=== PROVIDED DATA ===
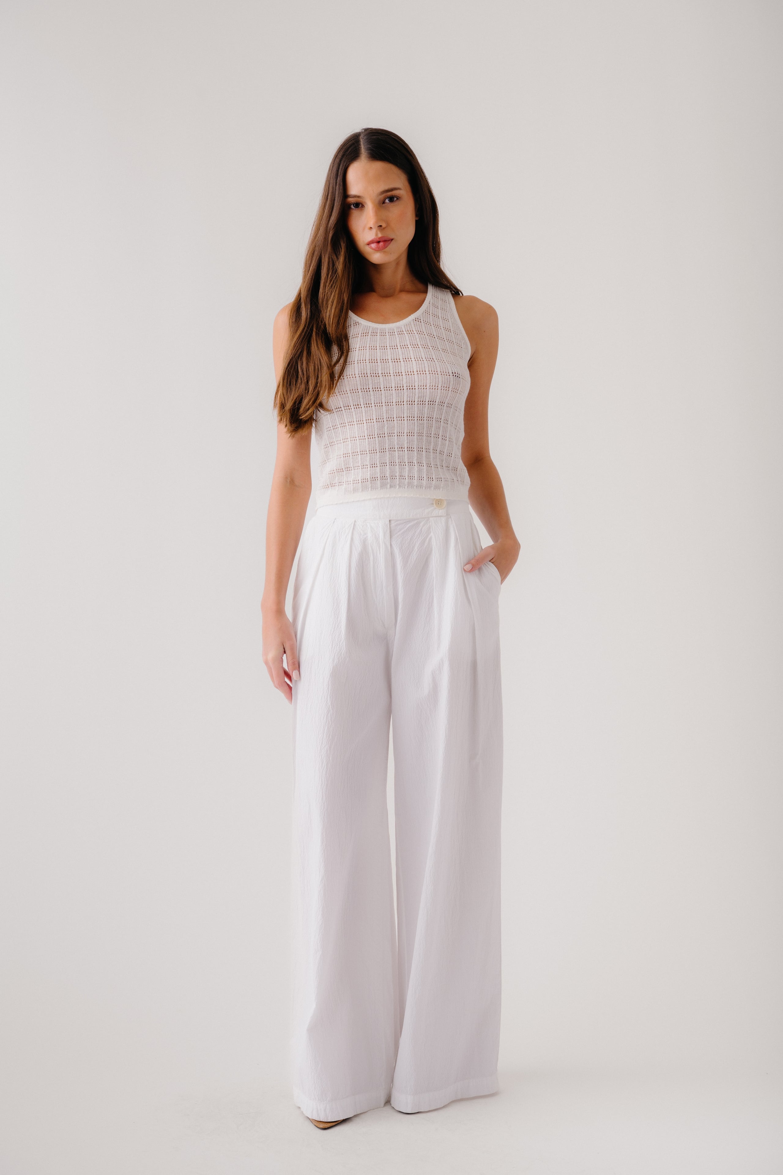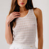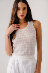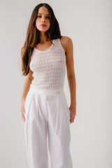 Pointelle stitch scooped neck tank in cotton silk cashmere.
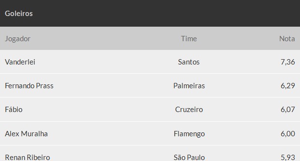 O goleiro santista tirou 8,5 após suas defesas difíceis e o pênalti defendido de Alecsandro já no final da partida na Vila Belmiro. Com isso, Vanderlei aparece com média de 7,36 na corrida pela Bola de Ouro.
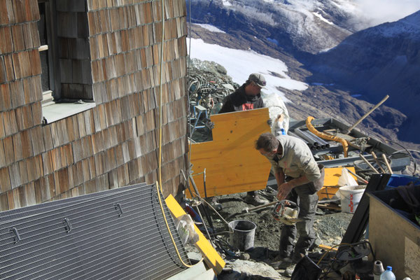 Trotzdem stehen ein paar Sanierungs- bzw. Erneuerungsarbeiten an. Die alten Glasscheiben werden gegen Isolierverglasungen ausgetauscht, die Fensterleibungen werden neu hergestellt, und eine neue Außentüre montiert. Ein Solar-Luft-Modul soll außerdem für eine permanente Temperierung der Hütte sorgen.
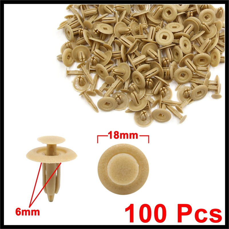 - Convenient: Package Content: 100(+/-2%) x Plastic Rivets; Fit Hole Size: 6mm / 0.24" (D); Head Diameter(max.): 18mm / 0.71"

=== ABOUT THIS TASK ===
Could you write out every line above exactly as it stands, with no images?

=== SOLUTION TO THE EXERCISE ===
 Pointelle stitch scooped neck tank in cotton silk cashmere.
 O goleiro santista tirou 8,5 após suas defesas difíceis e o pênalti defendido de Alecsandro já no final da partida na Vila Belmiro. Com isso, Vanderlei aparece com média de 7,36 na corrida pela Bola de Ouro.
 Trotzdem stehen ein paar Sanierungs- bzw. Erneuerungsarbeiten an. Die alten Glasscheiben werden gegen Isolierverglasungen ausgetauscht, die Fensterleibungen werden neu hergestellt, und eine neue Außentüre montiert. Ein Solar-Luft-Modul soll außerdem für eine permanente Temperierung der Hütte sorgen.
 - Convenient: Package Content: 100(+/-2%) x Plastic Rivets; Fit Hole Size: 6mm / 0.24" (D); Head Diameter(max.): 18mm / 0.71"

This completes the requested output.